Tekton Hub: Reusable Tasks

Tekton Hub (hub.tekton.dev) is a catalog of community-maintained Tasks and Pipelines. Instead of writing a git-clone Task from scratch, you can install one:

kubectl apply -f https://raw.githubusercontent.com/tektoncd/catalog/main/task/git-clone/0.9/git-clone.yaml

Then reference it in your Pipeline:

tasks:
  - name: fetch-source
    taskRef:
      name: git-clone

The catalog includes tasks for common operations: git-clone, buildah, kaniko, golang-build, python-test, and many more. The git-info Task in this demo is a simplified version of the catalog’s git-clone task.

Tekton Hub also supports Bundles, which are OCI images containing Tekton resources. This lets you version and distribute tasks through container registries rather than raw YAML files.

Comparison with Other CI Systems

Tekton vs GitHub Actions

Aspect	Tekton	GitHub Actions
Runs on	Your Kubernetes cluster	GitHub’s infrastructure
Definition format	Kubernetes YAML (CRDs)	YAML (workflow files)
Execution unit	Pod per Task	VM per job
Step isolation	Container per step	Process per step
State sharing	Workspaces (PVCs)	Artifacts (upload/download)
Trigger mechanism	EventListener + TriggerBinding	GitHub events (native)
Reusable components	Tekton Hub, Bundles	GitHub Marketplace
Cost model	Your cluster resources	GitHub-hosted minutes

GitHub Actions is simpler to set up. Tekton gives you full control over the execution environment and keeps everything inside your cluster.

Tekton vs Jenkins

Aspect	Tekton	Jenkins
Architecture	Kubernetes-native (CRDs + controllers)	Standalone Java server
Scaling	Pods are ephemeral, cluster scales naturally	Permanent agents, manual scaling
Pipeline definition	Declarative YAML	Groovy DSL (Jenkinsfile)
Isolation	Each task is a fresh pod	Shared agent workspace
State management	Kubernetes resources (etcd)	Jenkins controller (filesystem)
Plugin ecosystem	Tekton Hub + custom tasks	Jenkins plugins (1800+)
Maintenance burden	Kubernetes operator updates	Java, plugin compatibility matrix

Jenkins has a larger plugin ecosystem. Tekton has a cleaner execution model with no permanent infrastructure beyond the controller. Each pipeline run starts fresh, which eliminates the “dirty agent” problem that plagues Jenkins.

Key Takeaways

Tekton is just Kubernetes. Tasks are pods. Steps are containers. Pipelines are DAGs of TaskRuns. Everything is a custom resource reconciled by controllers.
Entrypoint rewriting is the magic. Tekton replaces container entrypoints to enforce step ordering, collect results, and manage timeouts. You never see this, but it is the core mechanism.
Results use termination messages.
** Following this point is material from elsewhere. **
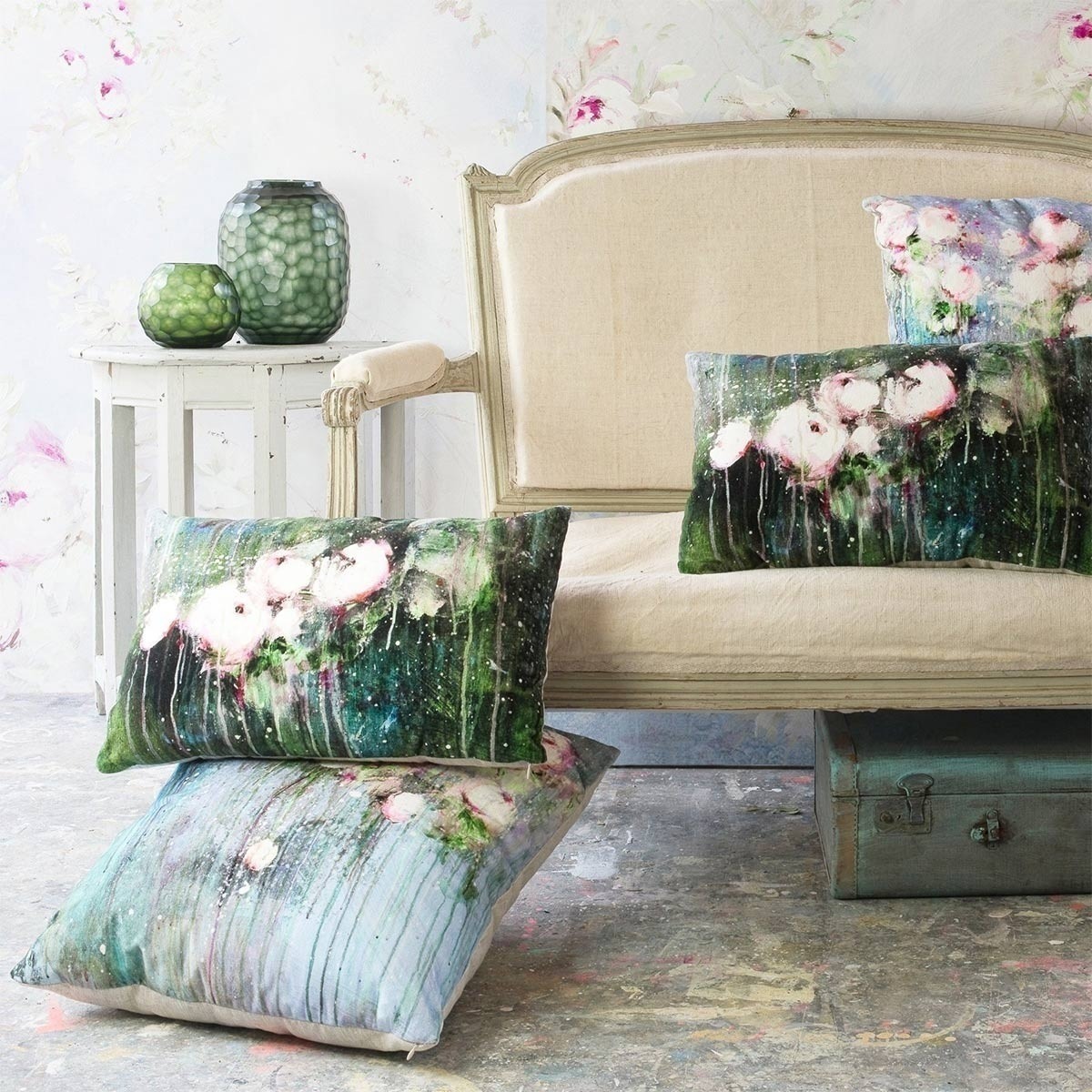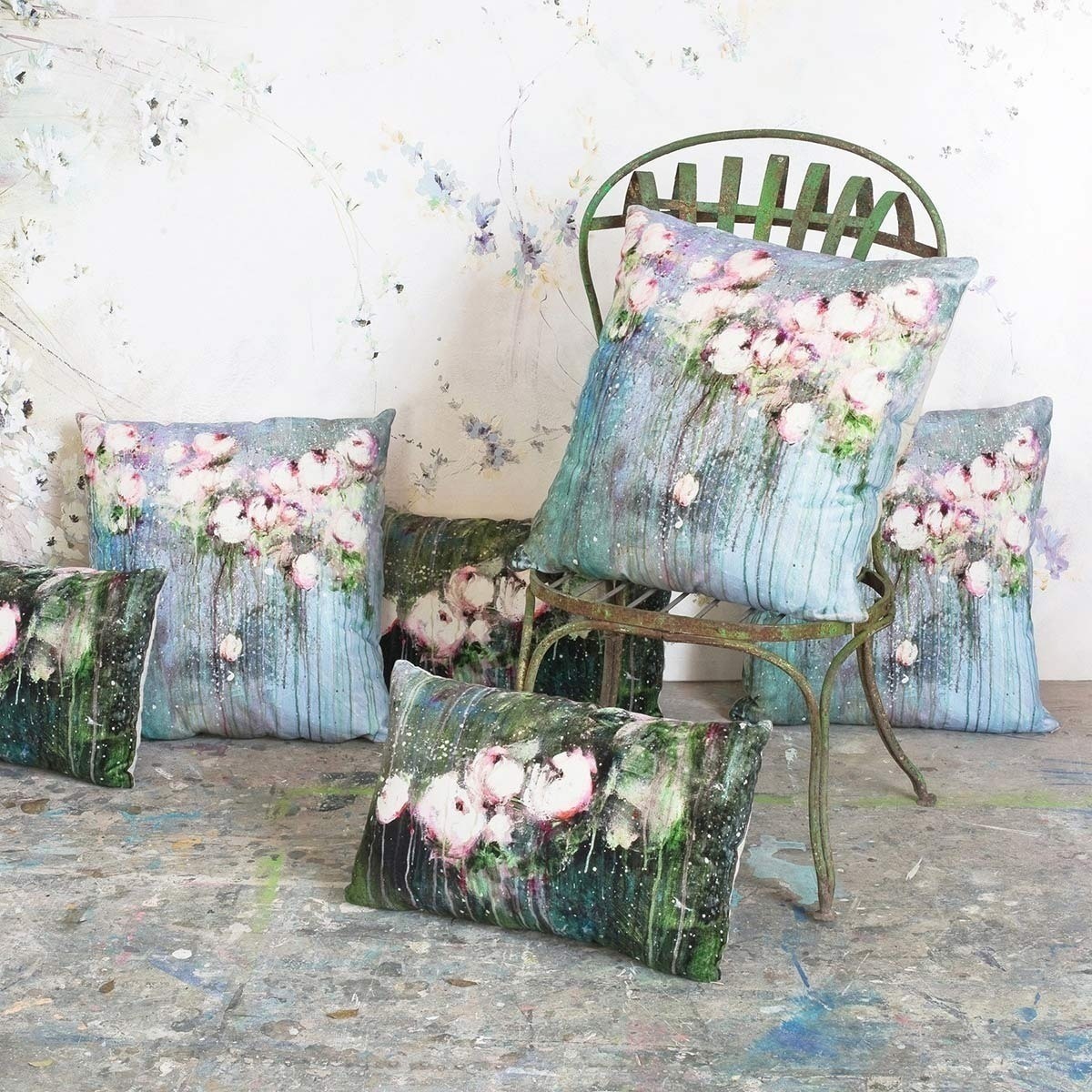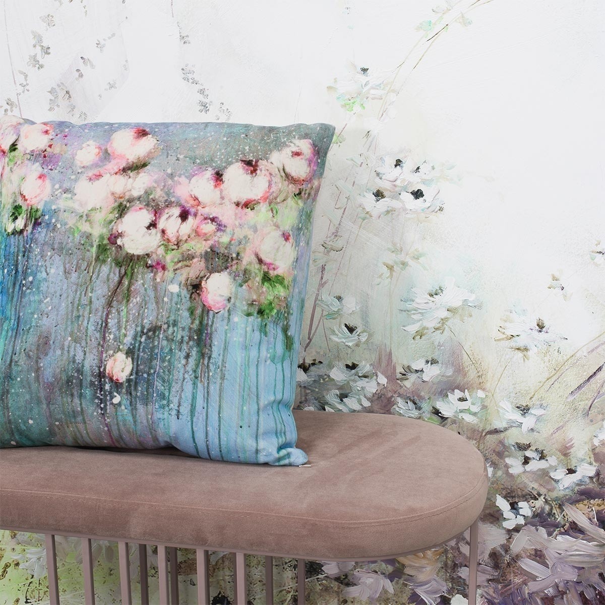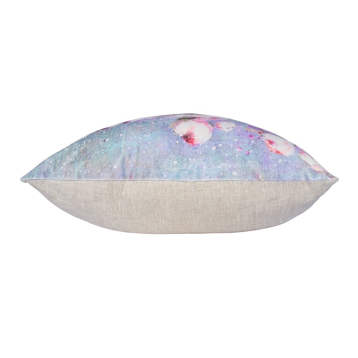 Imaginé par la maison d'édition Illustre, le coussin Bleu d'Avril présente un motif originalement peint composé de somptueuses pivoines claires et lumineuses en éclosion sur un fond bleu nuancé. Des touches et des coulures apportent une touche graphique et abstraite à l'ensemble. Fabriquée entièrement en lin, cette création apporte une note romantique et poétique aux espaces.

This is clever but limited to 4KB. Use workspaces for anything larger.
Workspaces are volumes. PVCs for persistence, emptyDir for scratch, ConfigMaps and Secrets for configuration. The volumeClaimTemplate pattern auto-provisions and cleans up PVCs per PipelineRun.
The DAG is implicit. runAfter and result references define the execution graph. The Pipeline controller resolves it on each reconciliation loop.